*Supplied material:*
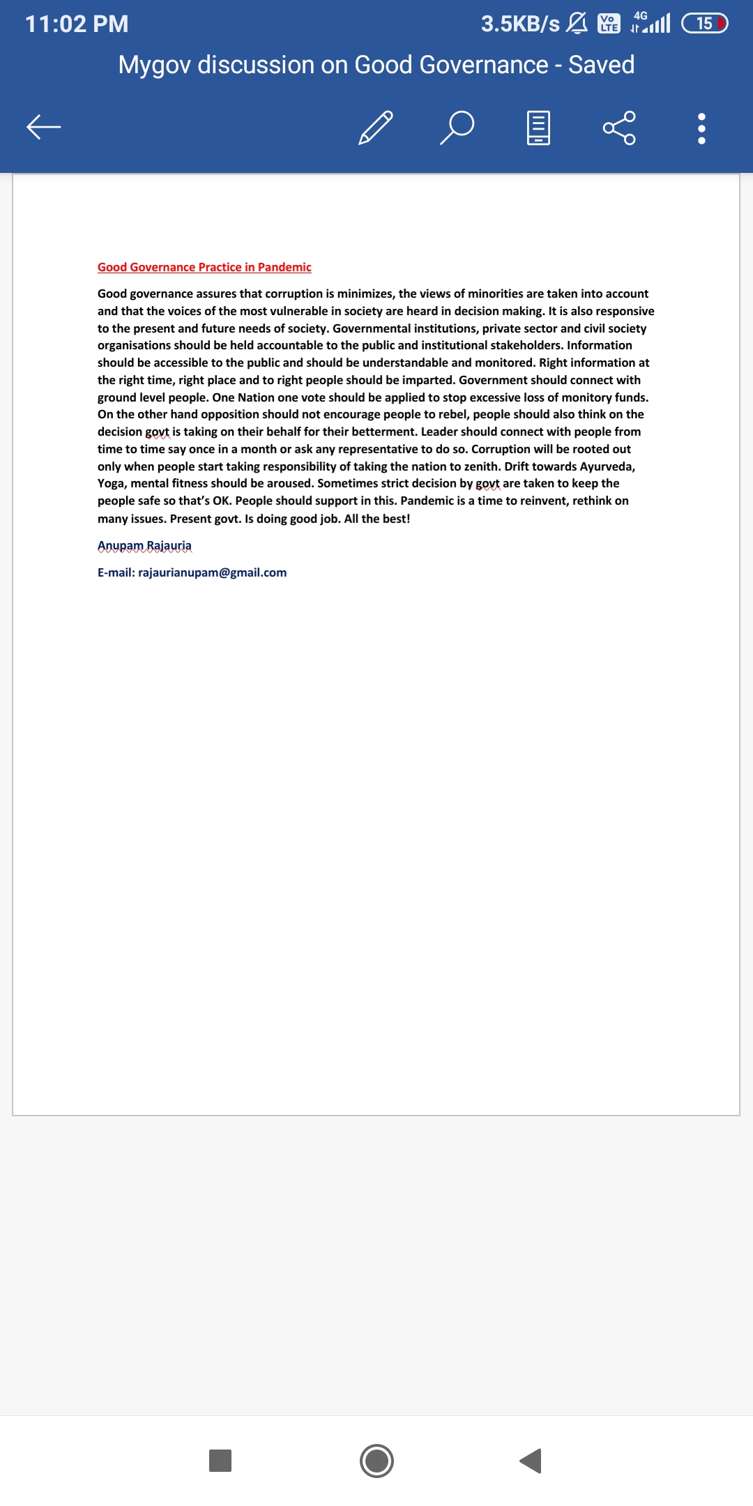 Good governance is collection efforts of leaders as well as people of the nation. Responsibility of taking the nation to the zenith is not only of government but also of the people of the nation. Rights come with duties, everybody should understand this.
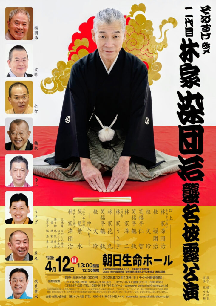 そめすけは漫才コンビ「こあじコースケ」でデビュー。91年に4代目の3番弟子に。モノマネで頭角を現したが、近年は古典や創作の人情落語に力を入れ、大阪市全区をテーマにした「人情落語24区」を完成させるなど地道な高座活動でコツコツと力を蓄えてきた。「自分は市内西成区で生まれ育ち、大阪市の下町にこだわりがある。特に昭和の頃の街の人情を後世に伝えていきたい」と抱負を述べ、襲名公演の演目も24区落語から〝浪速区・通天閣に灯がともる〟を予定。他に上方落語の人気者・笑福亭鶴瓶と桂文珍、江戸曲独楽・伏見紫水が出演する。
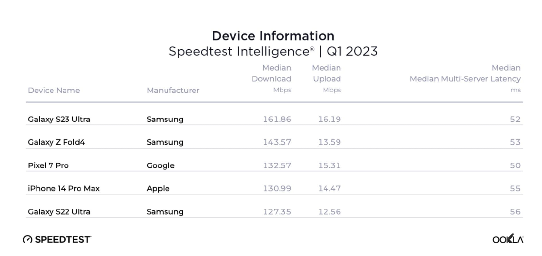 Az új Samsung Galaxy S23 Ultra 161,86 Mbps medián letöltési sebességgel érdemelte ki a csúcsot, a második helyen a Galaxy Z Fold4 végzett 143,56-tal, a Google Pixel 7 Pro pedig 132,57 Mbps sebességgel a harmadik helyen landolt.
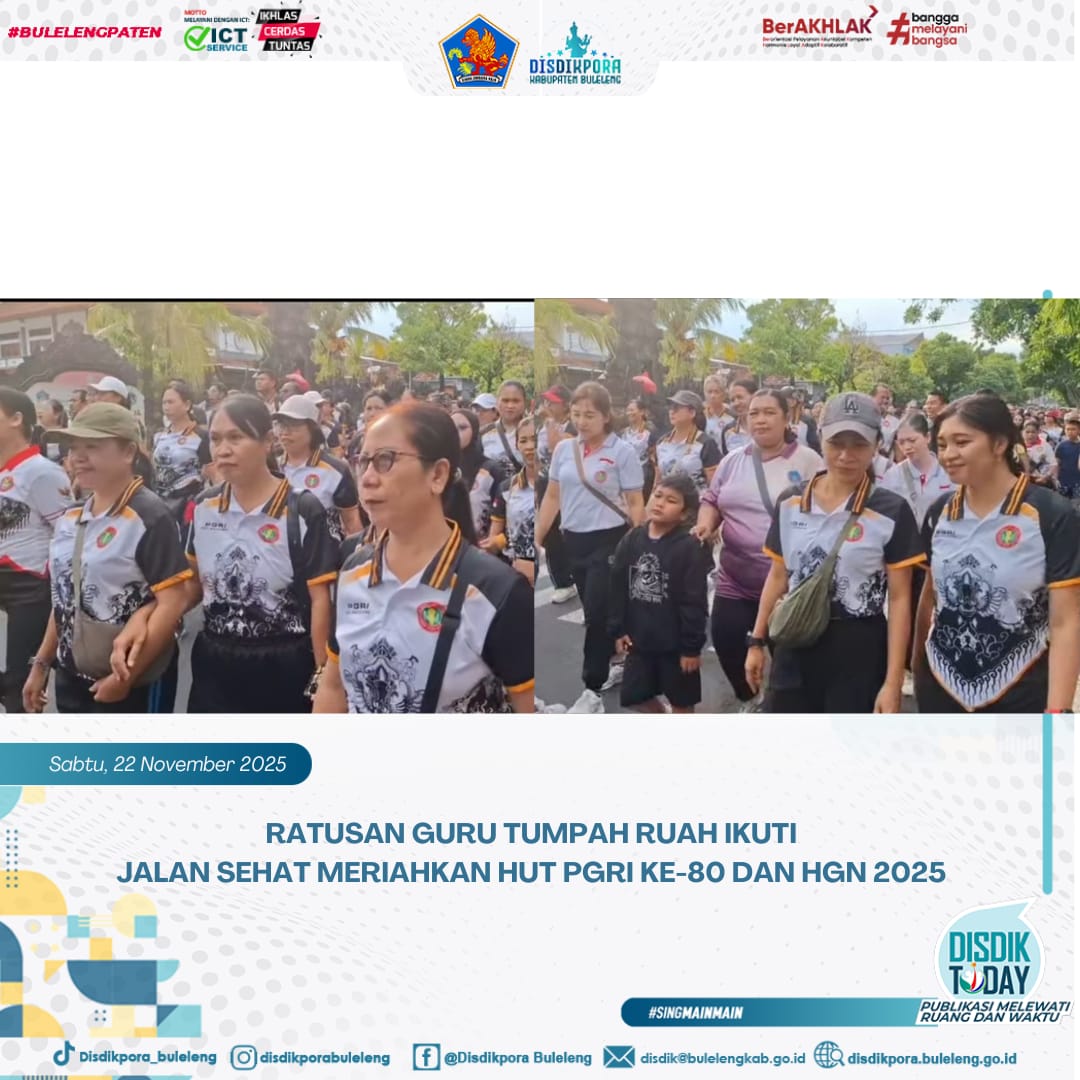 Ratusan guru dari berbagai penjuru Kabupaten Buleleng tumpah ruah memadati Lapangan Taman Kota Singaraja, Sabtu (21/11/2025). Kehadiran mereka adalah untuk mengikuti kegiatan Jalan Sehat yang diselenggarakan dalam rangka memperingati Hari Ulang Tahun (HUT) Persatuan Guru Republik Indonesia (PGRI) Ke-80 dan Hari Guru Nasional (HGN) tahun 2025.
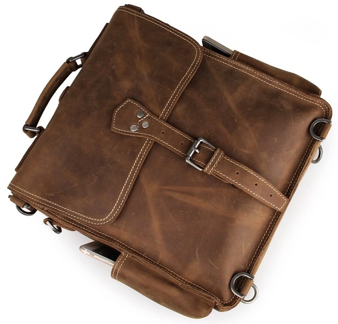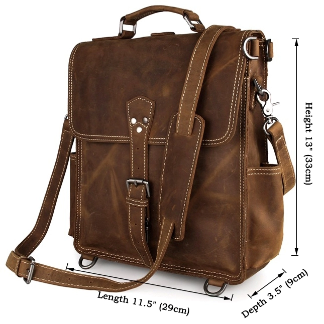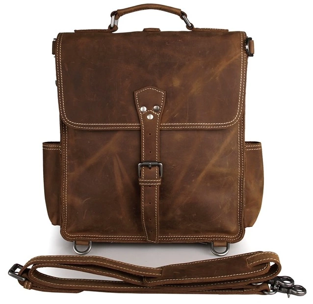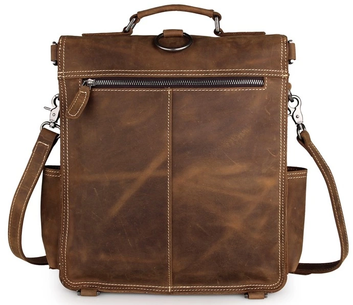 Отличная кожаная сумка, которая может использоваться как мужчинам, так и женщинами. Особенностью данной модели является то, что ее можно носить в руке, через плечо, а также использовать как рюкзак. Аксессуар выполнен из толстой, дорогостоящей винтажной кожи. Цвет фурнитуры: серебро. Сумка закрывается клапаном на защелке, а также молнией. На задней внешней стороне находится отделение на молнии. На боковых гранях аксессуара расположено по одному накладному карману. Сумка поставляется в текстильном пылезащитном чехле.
* * *
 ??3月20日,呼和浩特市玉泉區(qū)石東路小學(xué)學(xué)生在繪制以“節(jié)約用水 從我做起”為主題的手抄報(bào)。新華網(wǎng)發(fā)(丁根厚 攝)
---
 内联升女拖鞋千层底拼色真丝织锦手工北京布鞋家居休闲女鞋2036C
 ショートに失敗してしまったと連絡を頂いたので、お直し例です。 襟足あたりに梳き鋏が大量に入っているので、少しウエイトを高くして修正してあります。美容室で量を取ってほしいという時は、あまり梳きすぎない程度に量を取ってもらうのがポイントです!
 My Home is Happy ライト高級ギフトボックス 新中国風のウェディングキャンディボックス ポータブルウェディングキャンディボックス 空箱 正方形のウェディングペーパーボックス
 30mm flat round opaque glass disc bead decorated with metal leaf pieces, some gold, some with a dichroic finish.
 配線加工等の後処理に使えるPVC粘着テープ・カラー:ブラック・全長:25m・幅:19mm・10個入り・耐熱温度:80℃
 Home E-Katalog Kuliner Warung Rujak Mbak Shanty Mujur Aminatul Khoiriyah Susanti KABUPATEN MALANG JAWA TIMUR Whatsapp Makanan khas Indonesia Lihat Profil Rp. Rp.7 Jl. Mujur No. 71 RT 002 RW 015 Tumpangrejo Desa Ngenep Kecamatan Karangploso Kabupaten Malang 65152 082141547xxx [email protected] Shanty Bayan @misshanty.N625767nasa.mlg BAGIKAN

*Problem details:* Word for word, restate the lines above from the one with "そめすけは漫才コンビ「こあじ" through the one with "Az új Samsung", keeping both ends and dropping the pictures.

*Answer to this problem:*
 そめすけは漫才コンビ「こあじコースケ」でデビュー。91年に4代目の3番弟子に。モノマネで頭角を現したが、近年は古典や創作の人情落語に力を入れ、大阪市全区をテーマにした「人情落語24区」を完成させるなど地道な高座活動でコツコツと力を蓄えてきた。「自分は市内西成区で生まれ育ち、大阪市の下町にこだわりがある。特に昭和の頃の街の人情を後世に伝えていきたい」と抱負を述べ、襲名公演の演目も24区落語から〝浪速区・通天閣に灯がともる〟を予定。他に上方落語の人気者・笑福亭鶴瓶と桂文珍、江戸曲独楽・伏見紫水が出演する。
 Az új Samsung Galaxy S23 Ultra 161,86 Mbps medián letöltési sebességgel érdemelte ki a csúcsot, a második helyen a Galaxy Z Fold4 végzett 143,56-tal, a Google Pixel 7 Pro pedig 132,57 Mbps sebességgel a harmadik helyen landolt.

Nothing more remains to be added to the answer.